Here are my top-ten milkshakes that don’t exist but should (in ascending order because there’s more suspense that way):

10.  Turkey-Apple-Brie shake:  This is a really awesome sandwich, so I figure it’s still pretty good once it’s pureed.

9.  Chips-Guacamole-Lime shake:  I would miss the action of dipping chips into dip (Why is that fun?), but the portability of this drink more than makes up for that.

8.  Everything-From-Taco-Bell-In-A-Shake shake:  You’d have to have like 18 times the cinnamon crisp things vs. everything else to make it palatable.  But is it really that different from regular Taco Bell in shake form?

7.  Snyder’s-Buffalo-Chicken-Wing-Pretzel shake:  Soften the pretzels with a little concoction of Ranch + Bleu Cheese.  Need I say more?

6.  Actual-Buffalo-Chicken-Wing shake:  See #7.  This has more protein so it’s higher on the list.

5.  Lobster-Butter shake:  Costly.

4.  Bacon-Egg-&-Cheese shake:  This will definitely burn in the back of your throat as it goes down.  Especially if you’re like me and ask for Pepper-Jack cheese.  The best.

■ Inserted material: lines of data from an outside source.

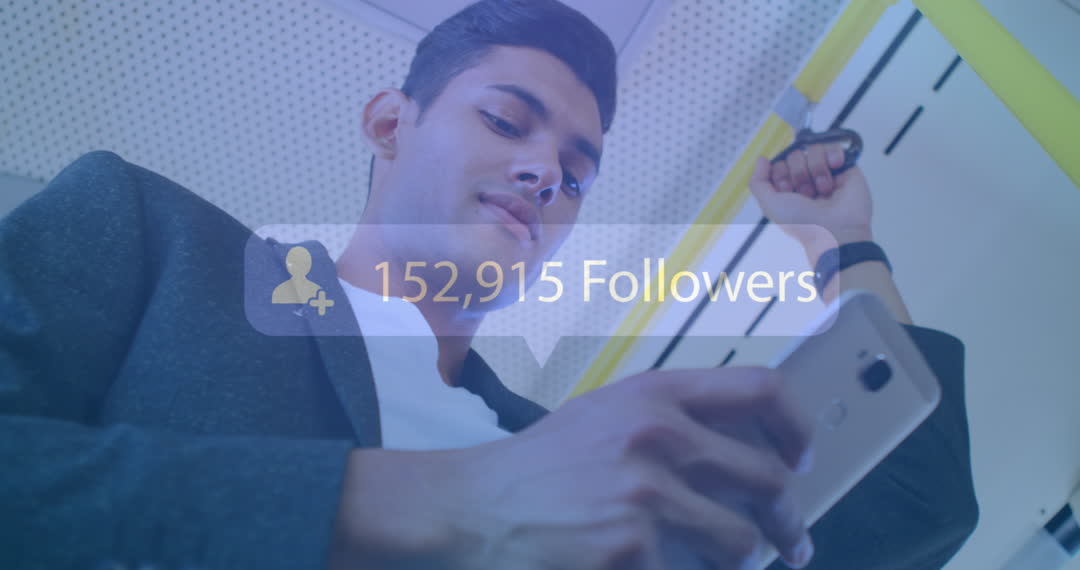 A businessman rides a public transport while engaging with his smartphone, highlighting his growing social media presence, depicted by the follower count overlay. Perfect for concepts related to social networking, technology impact on connectivity during commutes, and influence building in digital spaces.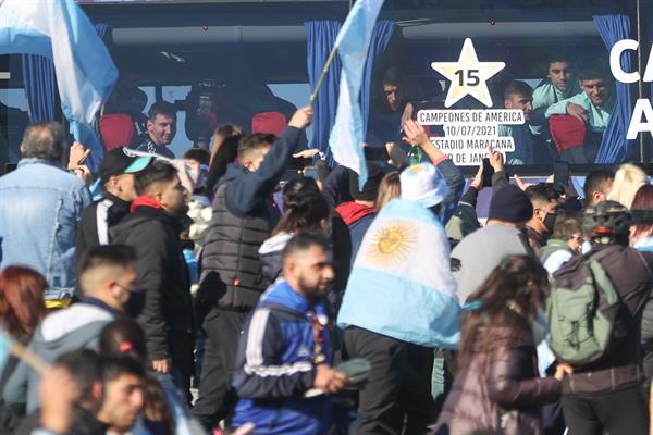 Pese a las restricciones por la pandemia del coronavirus vigentes, muchos hinchas se volcaron a las calles para saludar el paso de los campeones que en dos micros recorrieron los casi dos kilómetros que separa el Aeropuerto internacional del Predio de la Asociación del Fútbol Argentino (AFA), ambos en la localidad bonaerense de Ezeiza.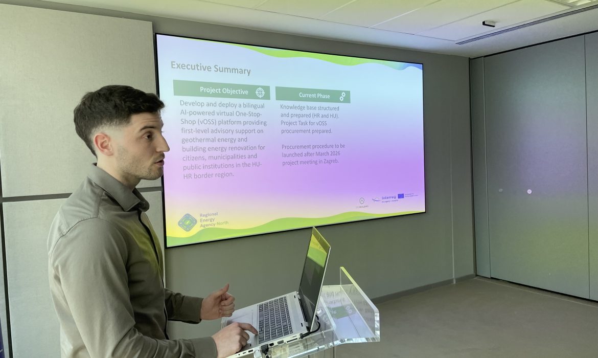 Ilija Beljan, Mlađi voditelj projekata u REA Sjever predstavio je trenutni status razvoja dvojezične virtualne platforme One-Stop-Shop (vOSS) temeljene na umjetnoj inteligenciji, koja pruža početnu savjetodavnu podršku u području geotermalne energije i energetske obnove zgrada za građane, jedinice lokalne samouprave i javne institucije na području pograničnih regija Hrvatske i Mađarske.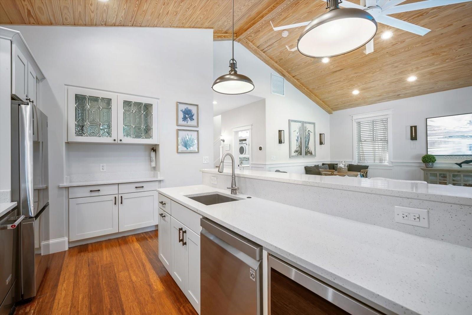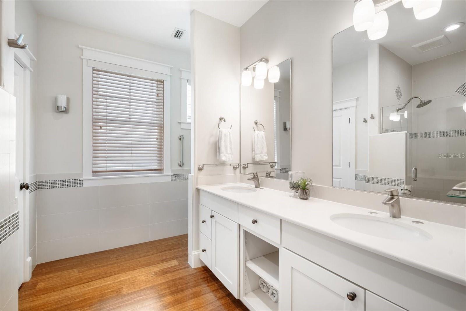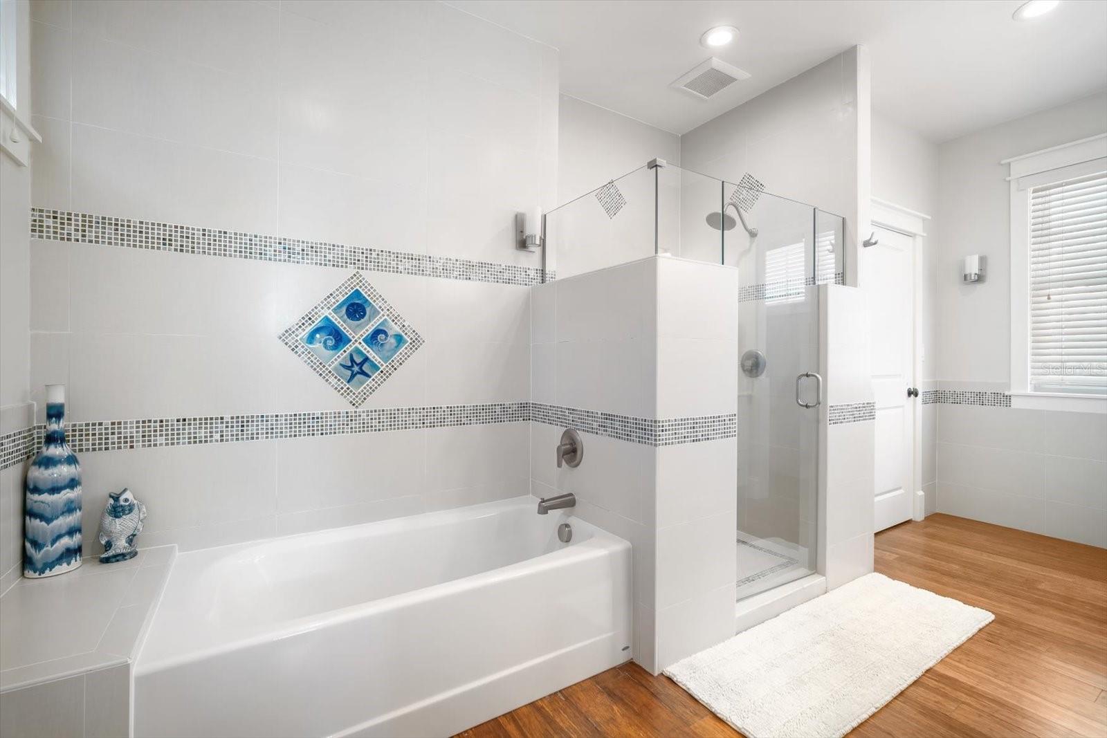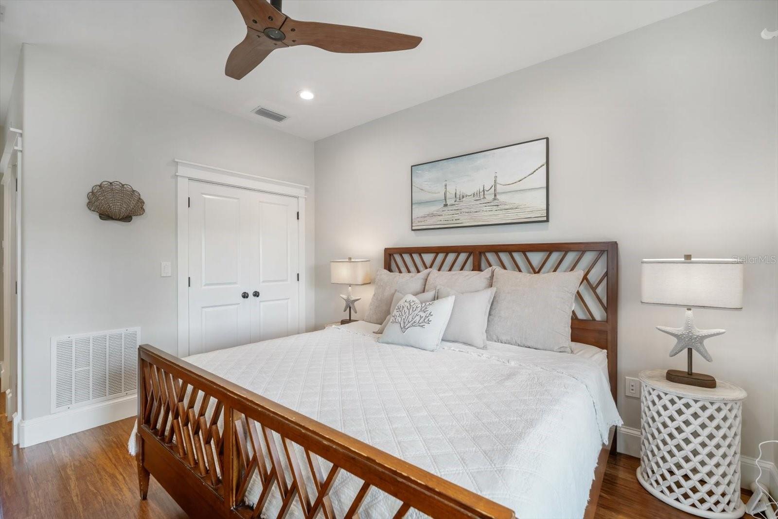 This is the one! Your dream beachside retreat on Anna Maria Island awaits. This stunning 4-bedroom, 4-bath, 1- car garage home offers the perfect blend of luxury, comfort, and coastal living. Just steps away from the pristine shores of the Gulf, this residence is truly an oasis of coastal charm. Walk up the stairs to your large covered porch then step inside to be greeted by a bright and airy open living area. Designer touches include vaulted ceilings, coastal-inspired furnishings, custom cabinetry and strand woven bamboo flooring. The cottage feel carries into the kitchen with glass front custom wood cabinets, a new gas range, ice maker and a large quartz countertop island that doubles as a breakfast bar. The split level floor plan gives ample privacy for you and your guest with the primary suite on the top floor including a large en-suite with soaking tub, separate shower and a private balcony. 3 additional bedrooms are equally well appointed with adjoining bathrooms. The backyard is ideal for entertaining and cooling off pool side after a long afternoon on the beach. This home is elevated and suffered no storm damage from hurricanes! Centrally located on a quiet beach access street, it is the perfect home base to enjoy Anna Maria Island's vibrant community, charming shops and restaurants and the blue waters of the Gulf just steps away. Don't miss your opportunity to own this fantastic Investment Property!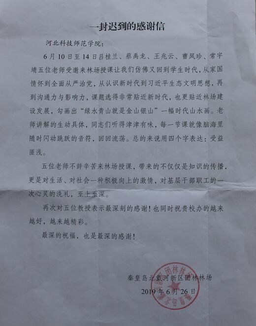 近日,秦皇岛北戴河新区团林林场向完美网页版发来感谢信,对完美网页版思想政治理论教学部吕桂兰、蔡禹龙、王兆云、曹凤珍和工商管理学院常宇靖五位老师在团林林场的精彩授课表示感谢,同时向完美网页版致以最由衷的感谢和深深的祝福。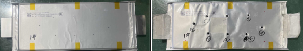 针刺后电芯针刺孔周围形成轻微凹陷,本体保持完整,无鼓胀或破裂,符合“不起火、不爆炸”的行业标准。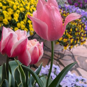 こんばんわ〜🌛✨ 秋植え球根のチューリップが絶賛開花中〜😉☺️🌷💞 この所チョッピリ寒さが続きチューリップ🌷が長持ちを… チューリップのある風景に癒やされます🤗🥰💗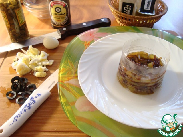 Берём кольцо, чтобы красиво выложить салат в тарелку. Если у вас его нет-не беда!!! Разовое кольцо можно вырезать из пластиковой бутылки, как сделала в данном случае я. Выкладываем в кольцо содержимое сковороды. Яйца мелко рубим, маслины режем на кружочки, петрушку тоже мелко режем.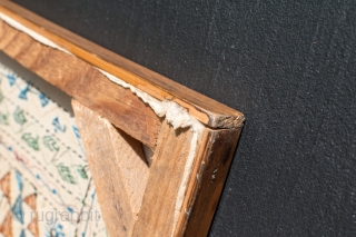a very fine antique XIXth Century Kantha. Silk and cotton. Frame-mounted over 75 years ago. Pristine condition without any damage or repair. 43 x 35 inches.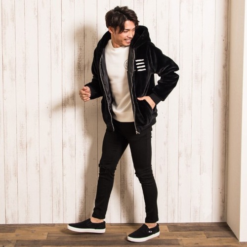 滑らかな肌触りと高級感漂うフェイクファー素材が特徴のパーカーブルゾン。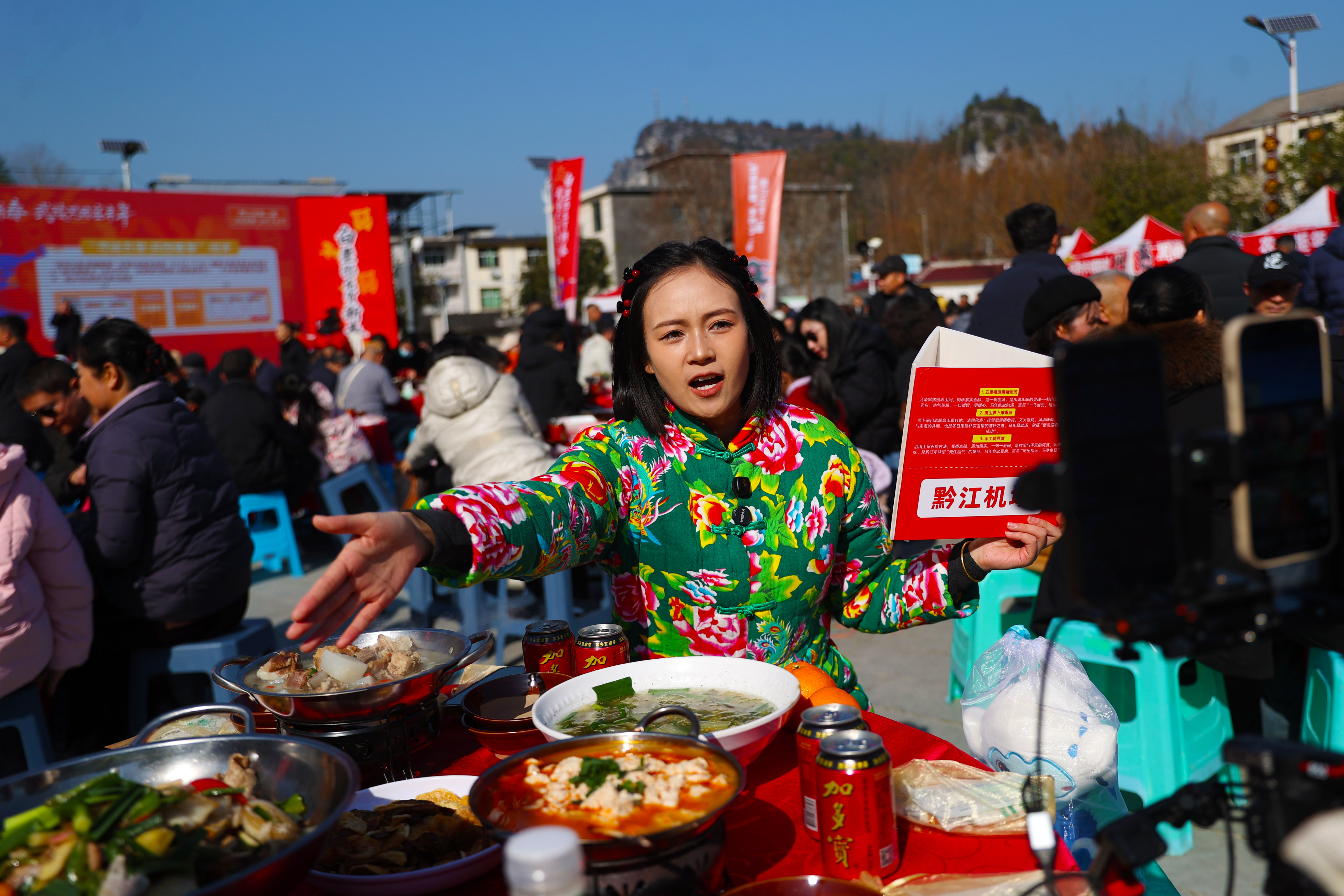 ▲1月11日,黔江区武陵黑猪乡村文化节上,主播在直播武陵黑猪刨汤宴,向外界推介武陵黑猪产品。特约摄影 杨敏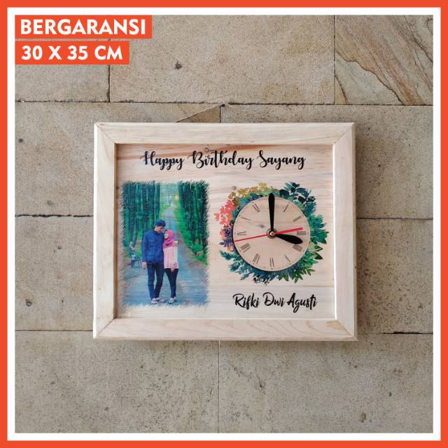 Jam kayu custom, bisa gambar wajah, tulisan atau logo.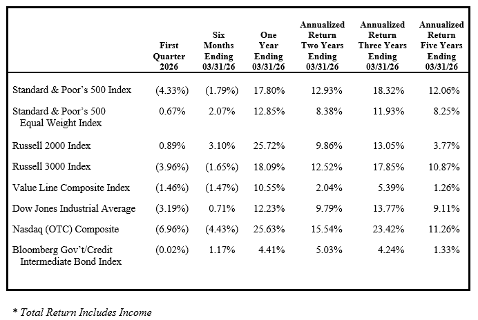 Against this backdrop, the equity market declined in the first quarter, but the magnitude of the pullback was relatively modest given the volume of headline risk. Tariffs, Greenland sovereignty, Federal Reserve independence, and military activity in the Persian Gulf all weighed on investor sentiment. The peak-to-trough decline of the Standard & Poor’s 500 Index in the first quarter was 9.1%, below the average intra-year historical drawdown of nearly 14%. Beneath the surface, however, conditions were far more volatile, with sharp rotations across sectors and market capitalizations.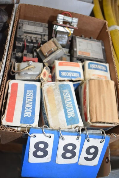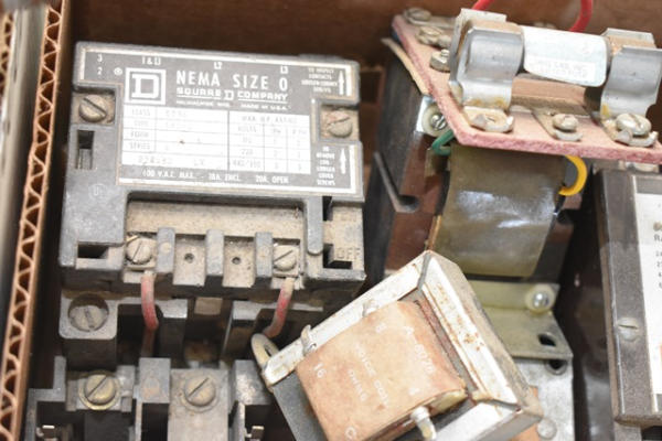 Box lot of electrical supplies including magnetic controller, transformers, breaker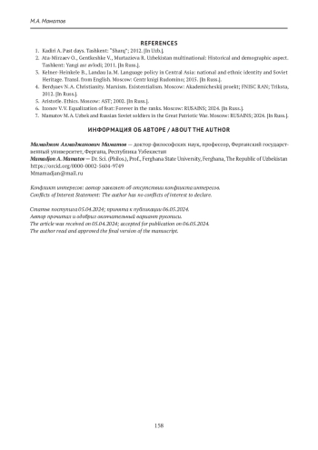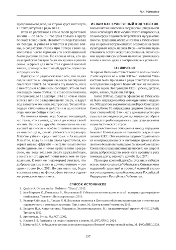 7. Маматов М. А. Узбекские и русские советские солдаты в Великой отечественной войне. М.: РУСАЙНС; 2024.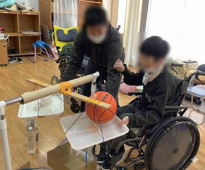 高等部1・2班の体育では、ネットの下でボールを転がす「ゴロバレー」をしています。どこをねらえば得点になるのかを考えてサーブしたり、パスからアタックの連携プレーで点を決めたりすることができました。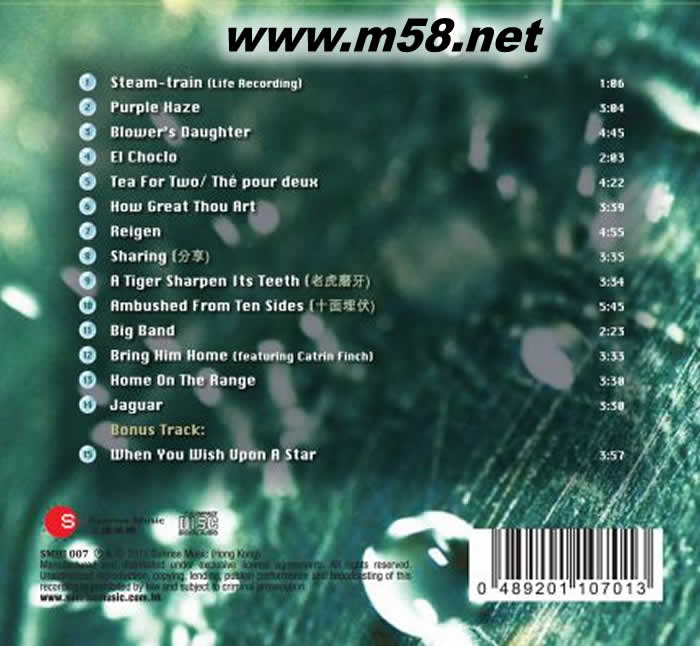 1. Steam-train (Life recording) 2.Purple Haze 3.Blower’s Daugther 4.El Choco 5.Tea For Two 6.How Great Thou Art 7.Reigen 8.Sharing (分享) 9.A Tiger Sharpen Its Teeth (老虎磨牙) 10.Ambushed From Ten Sides (十面埋伏) 11.Big Band 12.Bring Him Home 13.Home On the Range 14.Jaguar Bonus Track: 15.When You Wish Upon A Star

3.  Ruby-Tuesdays-Apps-Sampler shake:  Mozzarella Sticks, Jalapeno Poppers, Chicken Strips, Queso Dip and Southwestern Spring Rolls.  Chum this up with a Diet Coke to save on calories.

2.  Numbers-6-and-7-combined shake:  Add extra ranch-bleu cheese potion, and make sure there’s a football game on.  And a doctor nearby with stockpiles of Plavix.

***DRUM ROLL***

1.  Chocolate-with-turduckin-and-garlic-mashed-potatoes-and-cranberry-sauce-and-fuck-it-why-not-put-some-butternut-squash-casserole-in-their-too:  This is the only one of these that actually sounds good.  I think it speaks to the power of chocolate to make anything good.

-M

introducing the pope at Yankee Stadium

April 18, 2008

PRIEST:  (muttering)  PopePopePope…OK here we go.(clears throat)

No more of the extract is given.